Memilih platform Awan yang konsisten dan aman, termasuk model Hybrid Cloud: Serangan pada keamanan siber melibatkan pembobolan data dan dapat dihindari dengan menyimpan data pada sistem komputasi awan yang konsisten dan lingkungan on-premise. Teknologi Microsoft terintegrasi dengan lancar pada ekosistem keamanan mitra kami untuk menghadirkan platform keamanan yang menyeluruh, dan ada lima mitra di Indonesia yang bekerja sama dengan Microsoft untuk membangun strategi hybrid komprehensif. Mereka dapat menyediakan platform dan perangkat manajemen yang akan membantu pelanggan untuk menyederhanakan dan menjadikan hybrid cloud mereka menjadi solusi bisnis yang cepat.

Memaksimalkan keterampilan dan peralatan dengan memanfaatkan peralatan terintegrasi terbaik: Peralatan terbaik tidaklah berguna di tangan seorang amatir. Kurangi jumlah peralatan dan kerumitan operasi keamanan Anda untuk memungkinkan operator Anda mengasah keterampilan mereka dengan peralatan yang ada. Memprioritaskan pemakaian peralatan yang terbaik merupakan sebuah cara yang bagus untuk memaksimalkan penanganan resiko Anda tanpa resiko penggunaan terlalu banyak alat dan kompleksitas bagi lingkungan. Hal ini secara khusus benar jika setiap peralatan di dalam rangkaian terintegrasi dengan baik untuk saling memanfaatkan satu sama lainnya.
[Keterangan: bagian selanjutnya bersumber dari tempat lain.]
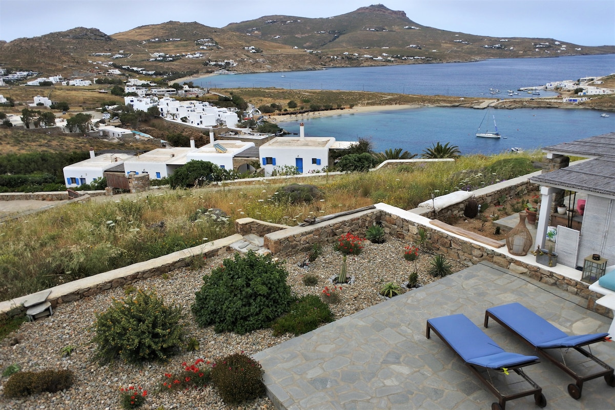 A simple studio for 2. The perfect location for someone that would like to relax in a peaceful area. The sea is only 200metres from the residences(3minutes by feet). It has fantastic sea view. It would be our pleasure to accomodate you to our place. Let us assist you organise your vacations on Mykonos on based on what you are interested to do more. We welcome our guests like our friends and we behave them like members of our family.

Penilaian, pemeriksaan dan kepatuhan berkala: Organisasi sebaiknya selalu dalam keadaan patuh. Setiap penilaian dan peninjauan sebaiknya dilakukan secara teratur untuk menguji apakah ada celah yang muncul sementara organisasi dengan cepat bertransformasi dan menutup celah-celah tersebut. Jajaran pimpinan sebaiknya tetap patuh tidak hanya pada regulasi industri tetapi juga pada bagaimana organisasi berkembang dengan praktik-praktik keamanan terbaik; dan

Memaksimalkan penggunaan AI dan otomasi untuk meningkatkan kemampuan dan kapasitas: Dengan kurangnya ketersediaan kapabilitas keamanan, setiap organisasi perlu melihat pada otomasi dan AI untuk meningkatkan kapabilitas dan kapasitas operasi keamanan mereka. Kemajuan AI saat ini telah menunjukkan banyak hal menjanjikan, tidak hanya dalam meningkatkan deteksi yang bisa saja terlewatkan, tettapi juga dalam mempertimbangkan bagaimana signal-signal beragam data seharusnya diterjemahkan menjadi rekomendasi tindakan. Sistem seperti ini telah berhasil dalam implementasi awan dimana data dalam volume yang besar diproses secara cepat. Pada akhirnya, pemanfaatan otomasi dan AI dapat membebaskan sumber daya manusia yang berfokus pada keamanan untuk dapat melakukan aktivitas dengan tingkat yang lebih tinggi.